Wilcox Development Solutions Blog

On Unit Testing

September 28, 2005

Over the last few days there’s been a firestorm about unit testing. Some folks dislike it (Will Shipley), and some who think the other way.

Here’s my take: you need both unit testing and a QA suite to get your application past the “QA” cycle of software development. There are some extremes (frameworks or component code on one extreme, and code that is mostly interface - or that just drives other apps - on the other), but most apps need both. Here are my views on the whole thing… First, unit testing. I use unit testing when I’m designing a complex system. A system that I might not be able to get my head around in one sitting.
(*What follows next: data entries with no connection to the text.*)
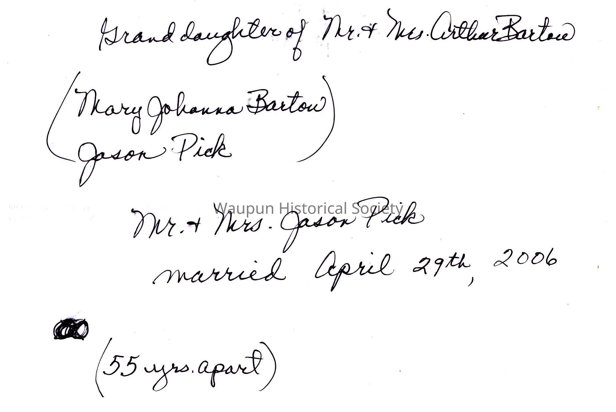 Pictures of brides at The End of the Trail. It is grandparents and grand-daughter. The Grandparents wedding was May 5, 1951, Shirley Karmann, daughter of John and Clara, became Mr. & Mrs. Arthur P. Bartow. The grand daughter got married on April 29, 2006. Mary Johanna Bartow became Mr. & Mrs. Jason Pick, the weddings were 55 years apart.Acquisition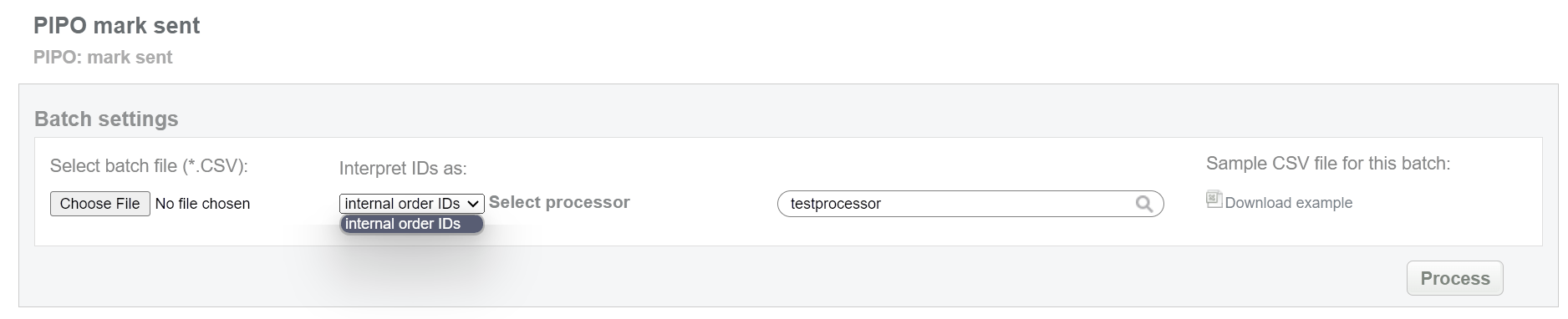 This batch operation allows to mark pending bank transfer as sent (but not received yet). This status equals to “processing” for preauth transaction. Collect order IDs, assigned by SecurePay system and enter all information to the CSV file and upload it to mark PIPO payments as sent. An example of CSV file for upload is available on the same screen.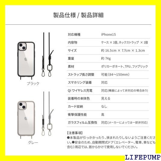 【製品仕様】… ◆ 対応機種 : Apple iPhone 15 ( アップル アイフォン15 ) ◆ 内容物 : ケース × 1個、ネックストラップ × 1個 ◆ サイズ : 約 16.5cm × 7.7cm × 1.3cm ◆ 重量 : 約 74g ◆ 素材 : TPU、ポリカーボネート、ファブリック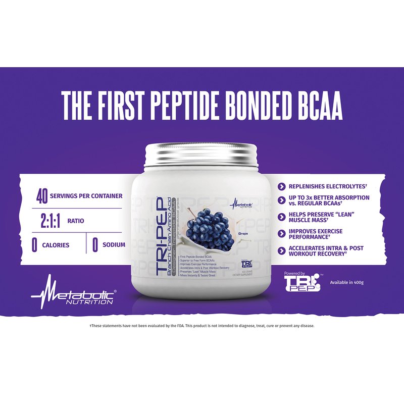 - TRI-PEP from Metabolic Nutrition is a Peptide-bonded 2:1:1 BCAA for maximum absorption which Dramatically improves post-workout recovery, increase and stimulates Muscle Protein Synthesis, reduce Muscle Breakdown and promote Muscle Recovery & Repair and reduces muscle soreness and fatigue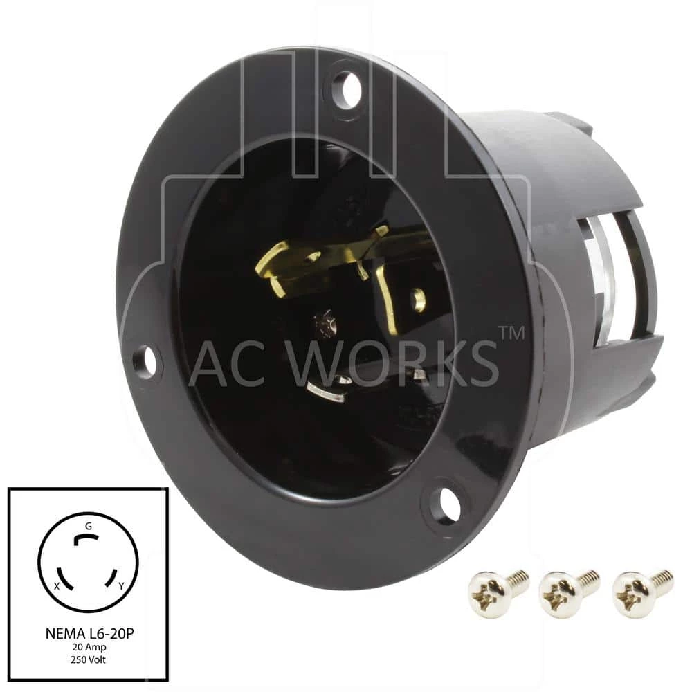 This AC WORKS brand inlet wiring device [ASINL520P] is a heavy-duty power input connection device. It is used for an industrial and commercial grade flange inlet. This inlet works with 12 AWG (American Wire Gauge) copper wire and is commonly used for boats, Cabins, residential, transfer switch and generators. Note: 18-Gauge is for 10 Amp, 16-Gauge is for 13 Amp, 14-Gauge is for 16 Amp, 12-Gauge is for 20 Amp. California Residents: See Proposition 65 Information Residential, Generator, Transfer Switch and Cabin Power Inlet 20 Amp, 125-Volt Inlet NEMA L5-20P Power Inlet UL and C-UL Certified 1-year Limited Warranty.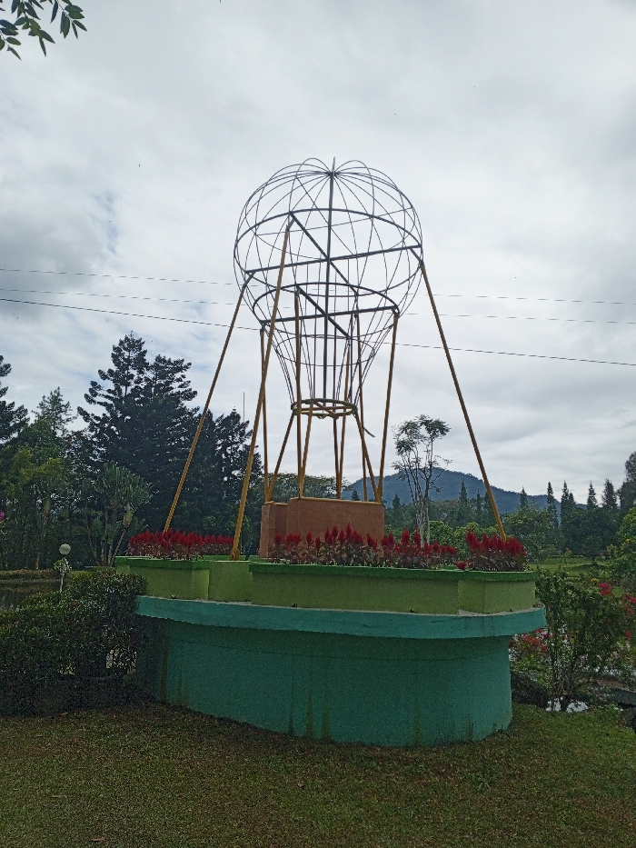 A sculpture of a hot air balloon made of metal wire stands on a green platform with red flowers. The sky is cloudy. Trees and a mountain are in the background. There is a brown structure at the center of the platform, from which the balloon's wire frame ascends. Three metal supports angle from the top of the sphere to the platform's corners. A power line stretches across the top of the image.

For example, I wrote a bunch of unit tests for a datetime class I wrote that used 10.3’s new Time APIs to implement timezone stuff. Found an bug in Apple’s code too (radr://problem/3770859). Even though my class is a relatively thin interface over these APIs, I wrote about 1,000 lines of unit tests. Date/time stuff is so complex, and testing different date/time settings so hard (imagine 20 trips to the date/time control panel…), I thought it would be good to know that my code was passing correct stuff to Apple’s APIs, and getting what I expected back. (Proving that my wrapper code is sane, Apple’s code is sane, and that my understanding of the documentation is sane.)

I also understand that you can’t unit test everything, ala GUI stuff. I once spent a summer writing VirtualUser tests - press this button, check to see that this dialog box came up, etc. Very hard to unit test that stuff - even if you wedge tests into your controller classes, you can’t be certain that the dialog box will actually appear. “Oh, I would have put up a dialog box here” isn’t the complete test - maybe you forgot to include a critical DLOG resource, or couldn’t find the proper nib to load.

So you also need user testing. A user (automated or not) needs to sit down in front of your software and try to break it. For Helix Maintenance Manager we have a set of tests that we run in addition to the unit testing performed. We have a slick system that moves test documents in and out of the system, asking the tester if specific things happened, keeping track of the failures. Hard to unit test View level stuff, you have to just run your program and see what happens.

There’s also beta testing, throwing your code our to a small community and seeing how well it flies. This often finds up major bugs, because users will use your software in New And Different (and, sometimes, Odd) ways.